Yeah I have no experience with arrests none. I have probably worked or been a part of working hundreds of codes. I dont know where you work but here I have protocols that simply state we work arrests unless obvious signs are present. Do I agree with it not always, Do I whine about it sometimes. Trust me I dont go out of my way to work pts. that are dead if there are signs of lividity injuries not consistent with life etc.. We dont work them thats fine. If there are not they get worked. Its not a problem for me to work someone, get to the hospital and have somone call it. Thats fine, thats my job, until it changes thats how it works. And as far as saying I work arrests for my benefit, if i didnt do another traumatic arrest in my life I wouldnt have a problem with it. As far as not working arrest pts. in the future I ll leave that up to the people with more then a one year class to decide. Its amazing I find so many paramedic experts on this board. When is the last time you had a paramedic as your medical control. there is a reason for that. RYDER I DONT MAKE THE PROTOCOLS I FOLLOW THEM, AND CONTRARY TO YOU OWN BELIEF IM SURE YOU DONT EITHER. No amount of research is going to change that. If you want to change the protocols get on ambulance board or go to medical school or somthing Dont tell me what I should do and not do, thats not for me to decide. ANd until you have an MD after your name you get to make those decisions.

Link to comment
Share on other sites

Are you advocating that patients who are in asystole (medical arrest) should not have an attempt at resuscitation by BLS or ALS?

And that bolded sentence is incorrect. A very few number of medical arrests without bystander CPR whose initial rhythm is asystole do respond to resuscitation and do have neurologically intact survival. If I was in my office, I could give you a percentage of my agencies experience. But say it is 2 out of 100.... is that worthwhile to you or not?

Chris

Link to comment
Share on other sites

texasemsdoc, I didnt write that ridryder did. He dosent want to provide false hope for family members or run up unnesscary hospital bills. He dosent follow our protocols he has a set all his own, that he works with. and he works on the only ambulance in the country that dosent transport cuts and stubed toes, or non-emergencies, his is strictley used for true mi's. and other critical pts, all others are told to go by other means or told they are tying up the system for true sick people, like pediatric traumatic arrests that he dosent work. Oh yeah also emotion never enters into his work, he is completely above being effected by anything he does or see's.
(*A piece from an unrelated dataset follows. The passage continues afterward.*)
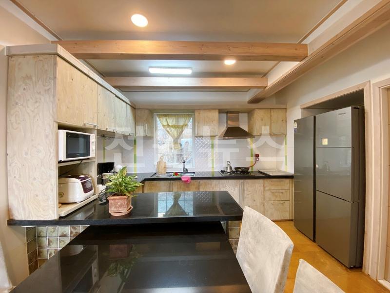 - 주방은 ㄷ자 구조이며 옆쪽에 다용도실이 있음.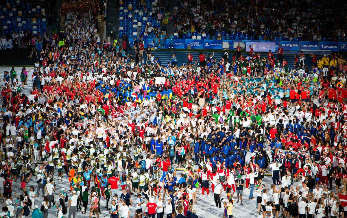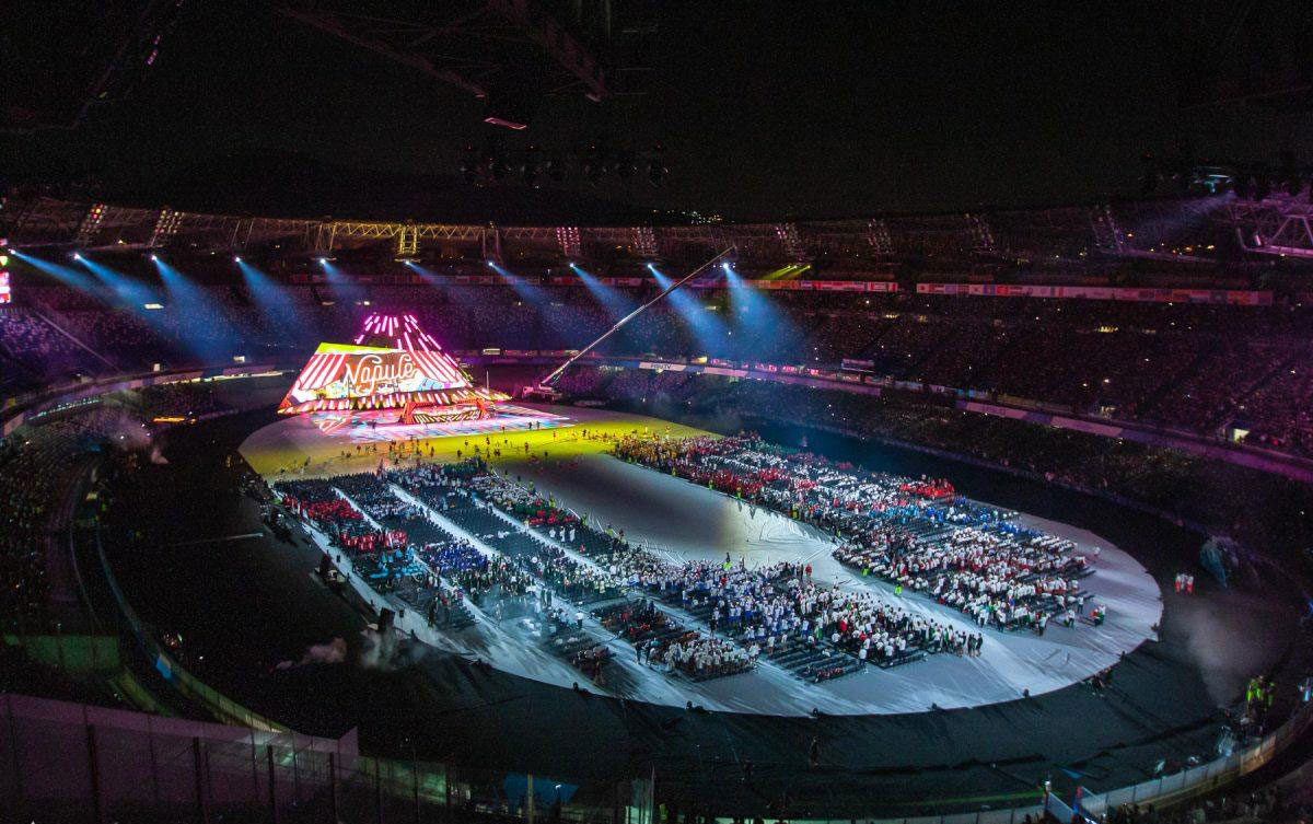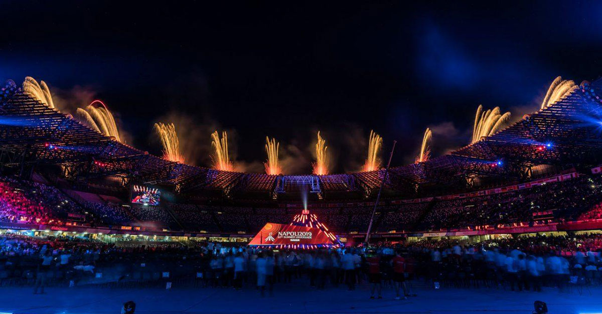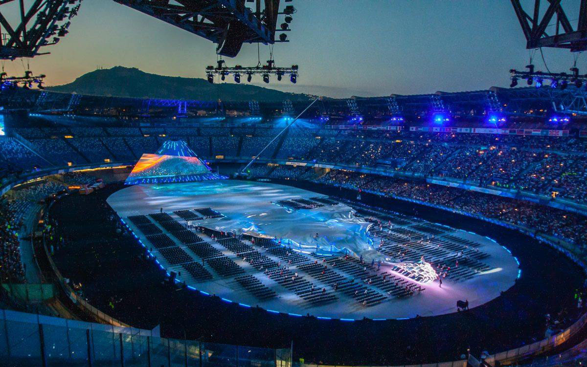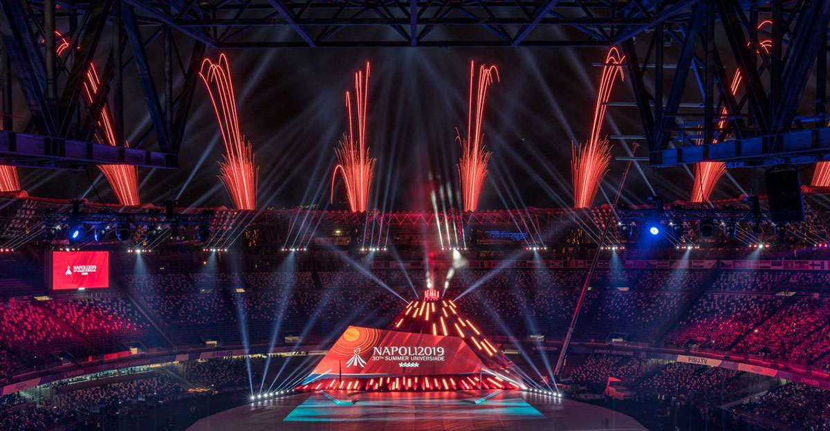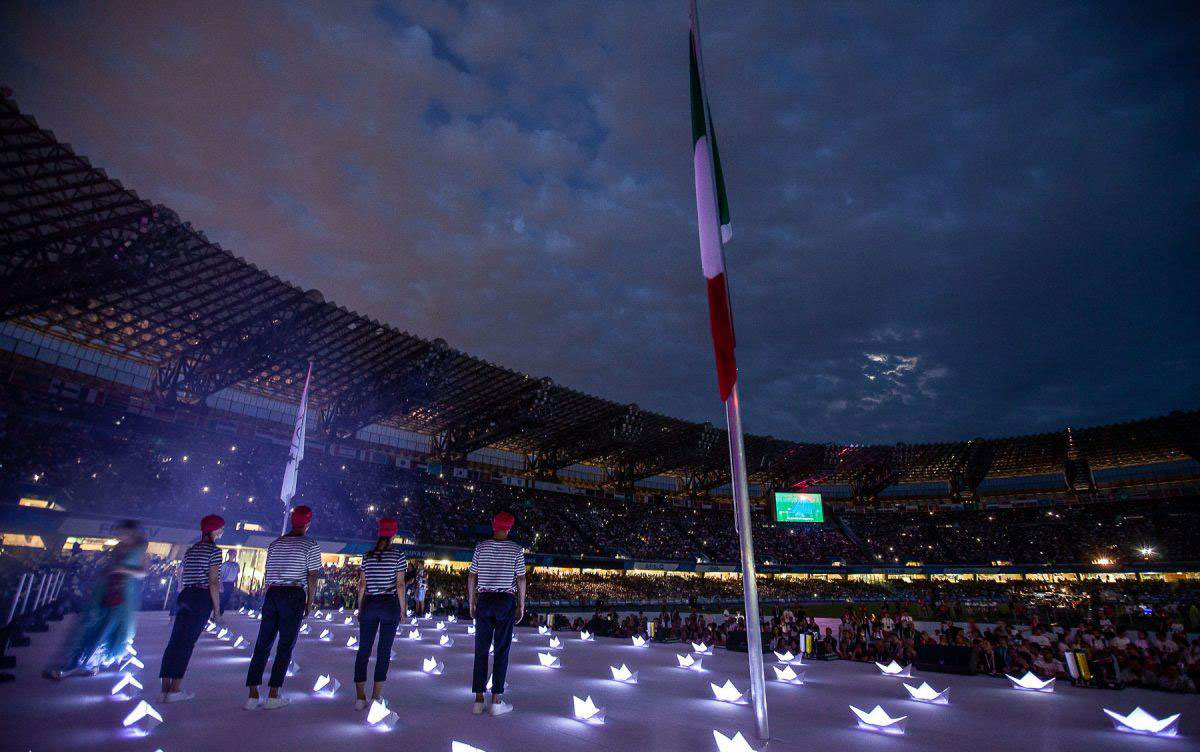 在數(shù)萬名觀眾和運動員的見證下,第30屆世界大學(xué)生夏季運動會在意大利那不勒斯正式開始了。開幕式現(xiàn)場的火炬點燃儀式由那不勒斯足球隊前鋒因西涅將燃燒著的火球踢向做成火山形象的“山頂”,并點燃主火炬。盲人男高音歌唱家安德烈·波切利更是以一首《今夜無人入睡》將開幕式引向高潮。

By the way I dont have any problem with RIDryder,(really I dont) d I dont know the guy or girl and I am sure he is well respected in his field, but new ems professionals do not have the experience nor the knowledge to determine what should be worked and what shouldnt be, to fill their heads with facts like asystole never responds to tx and every arrest pt dies or working arrest pt is a waste of resources is flat wrong. EMS is a prtocol driven field for the simple fact that we dont posses the training needed or carry the equipment to determine what exactley is wrong with people. Thats why we transport to hospitals. Few states license prehospital providers for the fact that cowboys out there will make decisions beyond their scope because they read it in a clinical trial. and yes I am lic. pre hospital provider,and Someone who dosent always agree with the protocols but they do benefit more then they hurt.

Link to comment
Share on other sites

[

Are you advocating that patients who are in asystole (medical arrest) should not have an attempt at resuscitation by BLS or ALS?

And that bolded sentence is incorrect. A very few number of medical arrests without bystander CPR whose initial rhythm is asystole do respond to resuscitation and do have neurologically intact survival. If I was in my office, I could give you a percentage of my agencies experience. But say it is 2 out of 100.... is that worthwhile to you or not?

Chris

If the patient has been documented having no resuscitation measures prior to arrival for an extended period of time or and the patient is confirmed in aystole (2 leads or more) or if the patient does not respond to ALS intervention, then yes!

Field termination or cessation is not new! This has been presented for several years even by the AHA/ECC and much emphasis in the development of sounded protocols for such. If it was only 2/100 it would be different. How much resuscitation efforts is made after a patient arrives in ER, when that patient has been in sustained aystole? There is no change in treatment and usually outcome.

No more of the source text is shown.